__Saved entries__:
*-*-*

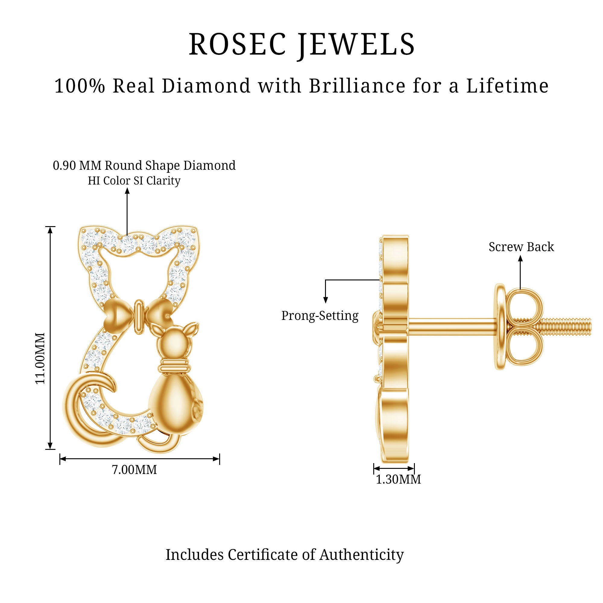 Eye-catching Diamond Stud Earrings have a cat-inspired theme, representing characteristics such as grace, curiosity, and protection. They serve as a perfect present or as a reminder of the companionship and joy that cats bring into our lives. These Studs are embellished with Round Shape Diamond in Pave Setting on the Mommy Cat and the cute Kitten hugs her in such a way that it represents the beautiful relationship between them and the crucial biological bond. These adorable pair of Cat Stud Earrings are a heart-warming accessory that offers a delightful way to showcase your passion without being overly loud. These versatile Hello Kitty Earrings add a touch of whimsy to your everyday style with a touch of movement. These Cute Cat Earrings are a great present for your feline friends, bringing them into your lives. This charming pair could be a present for your little girl, teen or even lets not forget to pamper yourself. So, add a feline flair to your jewelry collection as it is a dream-come-true piece of jewelry.
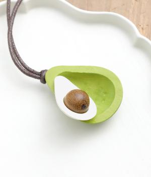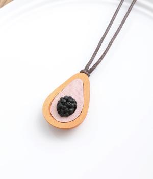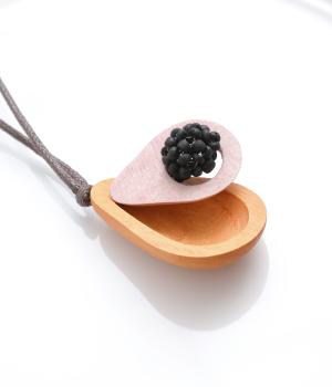 ユニークで立体的なモチーフながら、シンプルなフォルムでさり気なく身につけられるデザインに。実から皮をはがせるような遊び心の詰まったつくりも◎。フルーツならではの華やかさと木製のナチュラルさが調和しています。
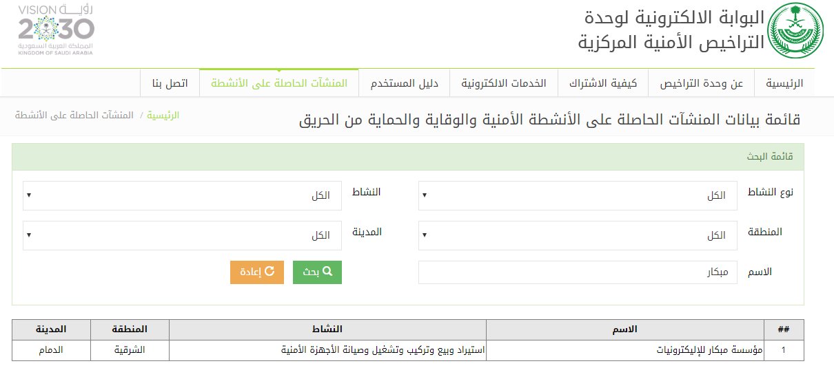 البوابة الالكترونية لوحدة التراخيص الامنية
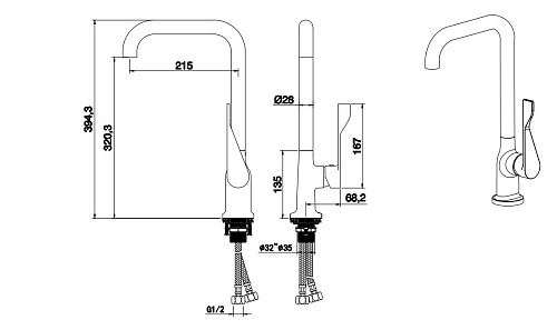 Оснащение 1. Смеситель 2. Гибкая подводка 60см 3. Монтажный комплект 4. Слив-перелив и донный клапан в комплект не входят
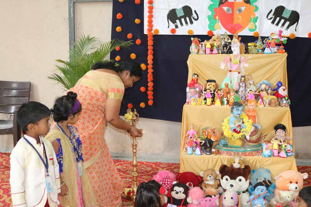 Dasara is the celebration of the triumph of the good over the evil, was celebrated in our school with lot of religious zeal. The festival is celebrated to honour the slaying of the demon Ravana by Lord Rama. To makes sense, we celebrated Dasara to teach children about it and acquainting them about the customs in a different way. Our teachers decorated the ground by arranging toys. The celebration started by drawing elephant (Ambari) picture and showed the video to learn the purpose of celebrating dasara and celebration continue with Dandiya dance for the beat.All the children enjoyed the day and the celebration ended by giving paper dolls to children as a take away.
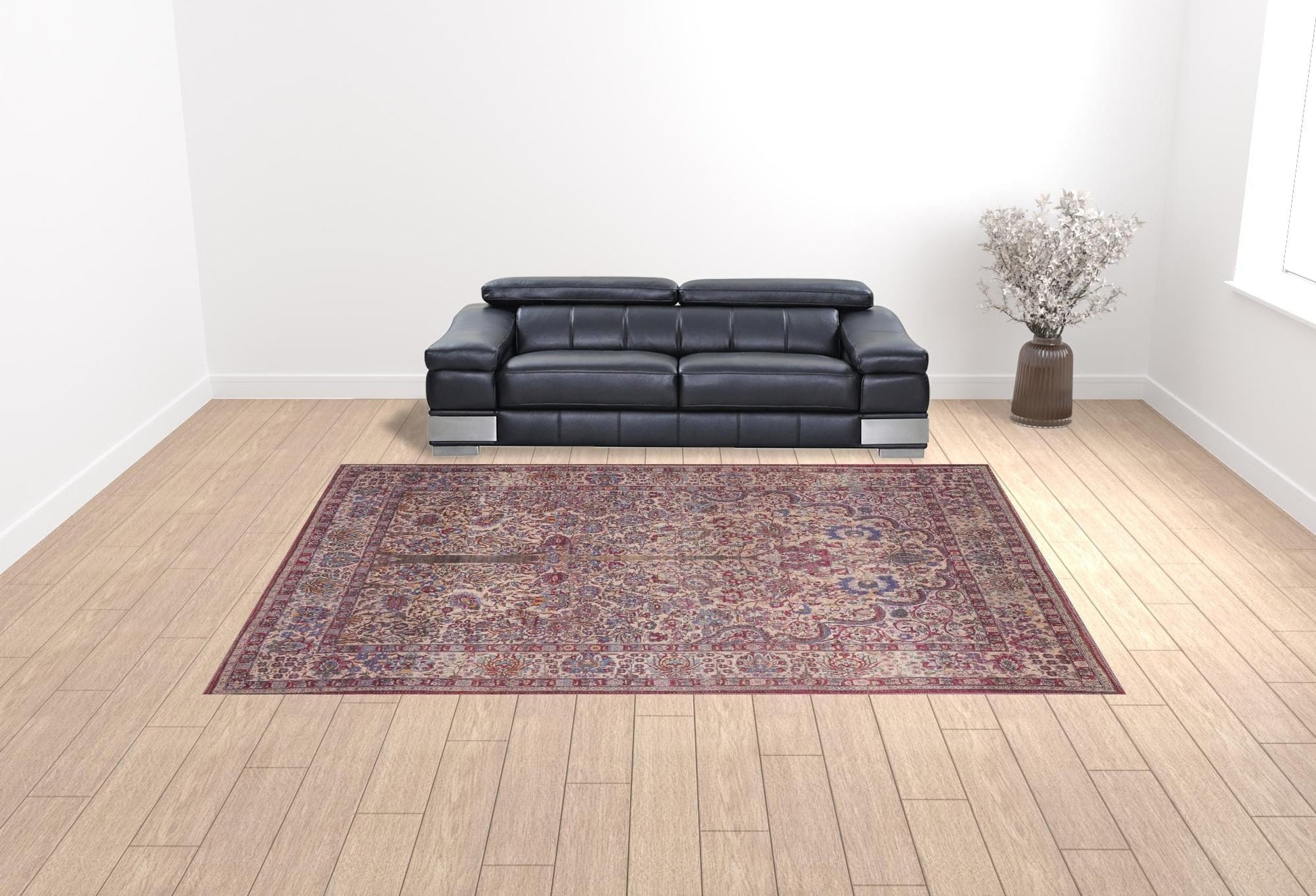 4' X 6' Red Tan And Pink Floral Power Loom Area Rug

*-*-*

__Task description__: When you output the entries, keep each line exactly as it is and leave out any pictures.

__Exercise result__:
 Eye-catching Diamond Stud Earrings have a cat-inspired theme, representing characteristics such as grace, curiosity, and protection. They serve as a perfect present or as a reminder of the companionship and joy that cats bring into our lives. These Studs are embellished with Round Shape Diamond in Pave Setting on the Mommy Cat and the cute Kitten hugs her in such a way that it represents the beautiful relationship between them and the crucial biological bond. These adorable pair of Cat Stud Earrings are a heart-warming accessory that offers a delightful way to showcase your passion without being overly loud. These versatile Hello Kitty Earrings add a touch of whimsy to your everyday style with a touch of movement. These Cute Cat Earrings are a great present for your feline friends, bringing them into your lives. This charming pair could be a present for your little girl, teen or even lets not forget to pamper yourself. So, add a feline flair to your jewelry collection as it is a dream-come-true piece of jewelry.
 ユニークで立体的なモチーフながら、シンプルなフォルムでさり気なく身につけられるデザインに。実から皮をはがせるような遊び心の詰まったつくりも◎。フルーツならではの華やかさと木製のナチュラルさが調和しています。
 البوابة الالكترونية لوحدة التراخيص الامنية
 Оснащение 1. Смеситель 2. Гибкая подводка 60см 3. Монтажный комплект 4. Слив-перелив и донный клапан в комплект не входят
 Dasara is the celebration of the triumph of the good over the evil, was celebrated in our school with lot of religious zeal. The festival is celebrated to honour the slaying of the demon Ravana by Lord Rama. To makes sense, we celebrated Dasara to teach children about it and acquainting them about the customs in a different way. Our teachers decorated the ground by arranging toys. The celebration started by drawing elephant (Ambari) picture and showed the video to learn the purpose of celebrating dasara and celebration continue with Dandiya dance for the beat.All the children enjoyed the day and the celebration ended by giving paper dolls to children as a take away.
 4' X 6' Red Tan And Pink Floral Power Loom Area Rug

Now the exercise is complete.